- Leader: Benigno Aquino III
- Senate leader: Franklin Drilon
- Founded: April 9, 2012; 14 years ago
- Dissolved: July 31, 2015; 11 years ago
- Succeeded by: Koalisyon ng Daang Matuwid
- Headquarters: Metro Manila
- Political position: Big tent
- Coalition members: Liberal Akbayan Nacionalista NUP NPC LDP PDP–Laban
- Colors: Yellow
- Slogan: Mga tunay na tuwid sa daang matuwid ('The truly righteous people on the straight path')

= Team PNoy =

Defunct political coalition in the Philippines

Team PNoy, formerly known as the LP–Akbayan–NPC–NP–LDP Coalition, was a political umbrella coalition in the Philippines, originally formed to support the administration-backed senatorial line-up for the 2013 Philippine Senate election. Team PNoy is composed mostly of supporters of then-president Benigno Aquino III, nicknamed PNoy. The coalition is composed of the Liberal Party, the Nacionalista Party, the Nationalist People's Coalition, the Laban ng Demokratikong Pilipino, the Akbayan Citizens' Action Party, the PDP–Laban and the National Unity Party.

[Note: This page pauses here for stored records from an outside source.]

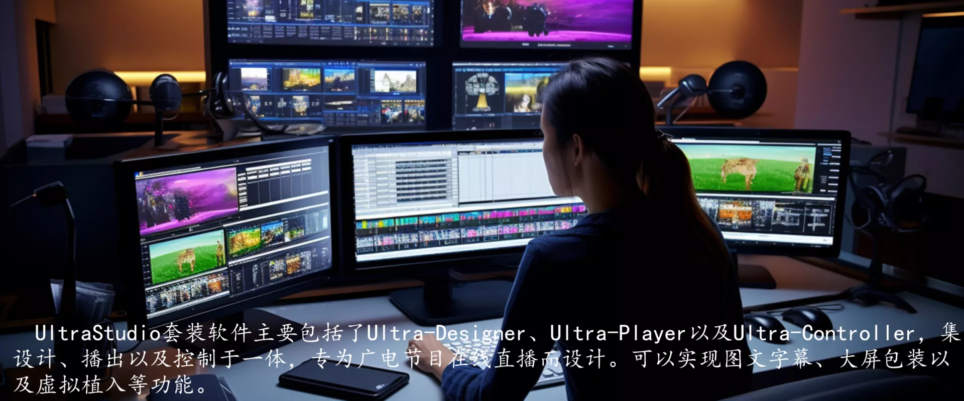UltraStudio是北京零像素科技有限公司基于自主研发引擎XEngine打造的专业级图文系统,专为直播而设计。可以广泛应用于广电、教育、气象、访谈、脱口秀节目和线上教学,以及新闻、体育、财经等多种录播及直播客户群体>>。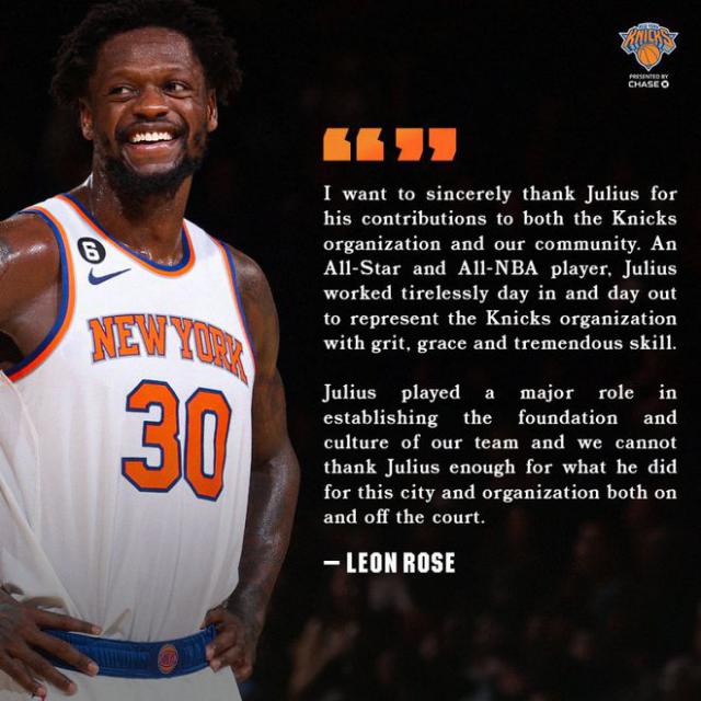 谈到兰德尔,莱昂 - “我想真诚地感谢朱利叶斯(兰德尔)对我们尼克斯和社区的贡献,”罗斯在声明中写道。身为全明星和最佳阵容的球员,他日复一日,不知疲倦地训练,以勇气、优雅和非凡的球技代表尼克斯。他在建立我们团队的基础和文化方面发挥了重要作用,我们非常感谢他在球场内外为这个城市和这个团队所做的一切。"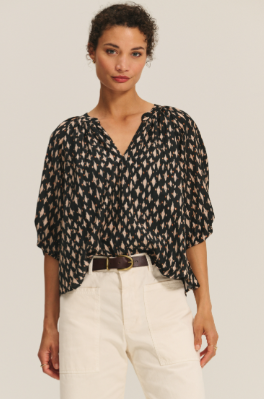 Printed Cotton Blend 3/4 Sleeve Top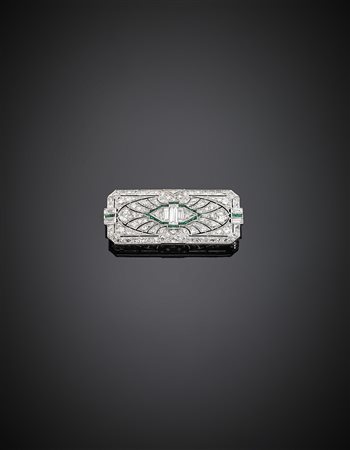 Broche rettangolare in oro bianco con diamanti a cuscino, huit-huit, baguette e triangolari e smeraldi calibré, g 10,80, lungh. cm 4,20, h cm 1,80 circa.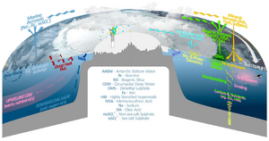 Through studying the transport of biogenic substances in the Tatar Strait in the Sea of Japan, a Russian team noted that biogenic substances can enter the marine environment due to input from either external sources, transport inside the water masses, or development by metabolic processes within the water.[5] They can likewise be expended due to biotransformation processes, or biomass formation by microorganisms. In this study the biogenic substance concentrations, transformation frequency, and turnover were all highest in the upper layer of the water. Additionally, in different regions of the strait the biogenic substances with the highest annual transfer were constant. These were O2, DOC, and DISi, which are normally found in large concentrations in natural water.[5] The biogenic substances that tend to have lower input through the external boundaries of the strait and therefore least transfer were mineral and detrital components of N and P. These same substances take active part in biotransformation processes in the marine environment and have lower annual output as well.[5]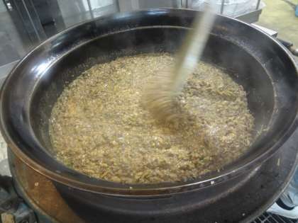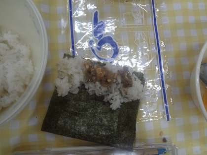 「肉みそなっとう」は、自分たちで「ごはん」と「具」をのりで巻いて食べる献立です。なっとう特有のくさみも少なく、人気な献立の一つです。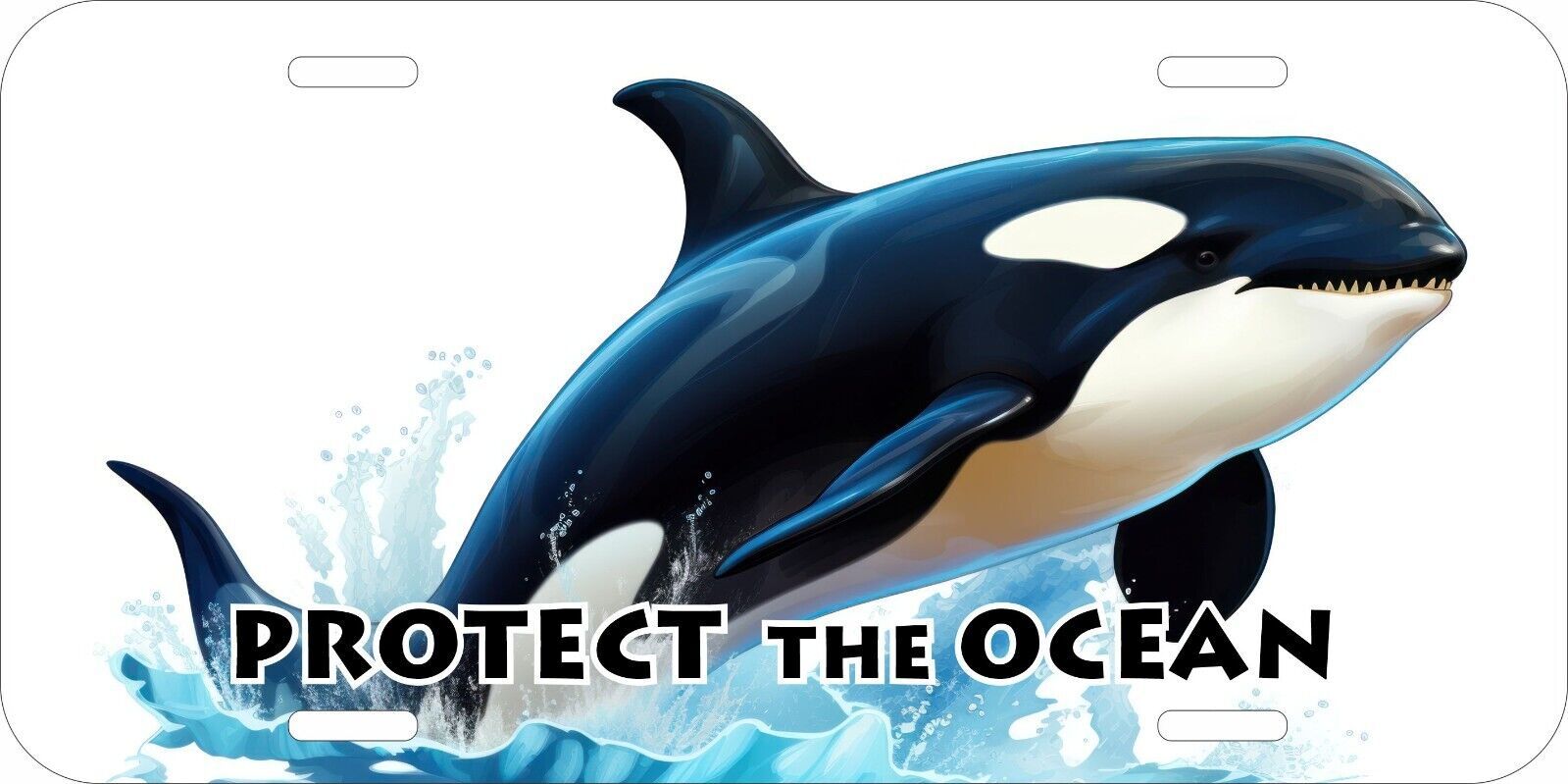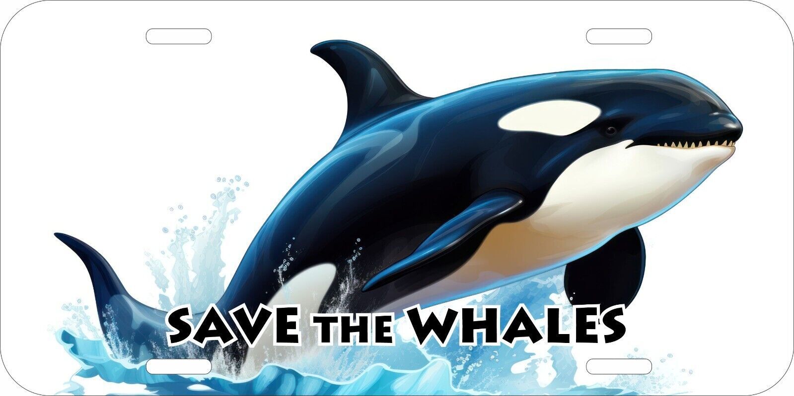KILLER WHALE WHALES SEA OCEAN SPLASH SAVE LOVE ORCAS PRINTED METAL LICENSE PLATE

Its official slogan was Mga tunay na tuwid sa daang matuwid ('The truly righteous people on the straight path').

== History ==
=== 2013 elections ===
The Liberal (LP) was open to creating coalitions or alliances with other parties for the 2013 general election as long as the politicians had aligning principles. Secretary of Budget and Management Florencio Abad said on April 7, 2012 that it was too early to make conclusions. Two days later, the Liberals revealed 14 names as potential candidates on their ticket, including candidates that were being considered on the United Nationalist Alliance (UNA) ticket, which meant there were common names on both tickets.

In April 2012, the Nacionalista (NP) was choosing between the LP and the UNA tickets, with party Secretary-General Alan Peter Cayetano saying that it was too early to decide on such matters. The verdict in the impeachment of Renato Corona could affect their decision.

On May 17, 2012, Aquino revealed the party's four certain senatorial bets, namely Aurora Representative Sonny Angara, TESDA chairman Joel Villanueva and 2010 senatorial candidates Risa Hontiveros and Ruffy Biazon. All four, were still considering their options to run for Senator. On 28 June 2012, party vice chairman Senator Franklin Drilon announced the candidacy of former Senator Ramon Magsaysay Jr.

Senator Francis Escudero, who formerly campaigned for the Nationalist People's Coalition (NPC)'s presidential nomination in 2010 before resigning from the party and withdrawing from the race abruptly, said he believed that the NPC and the Liberals "are in coalition with one another".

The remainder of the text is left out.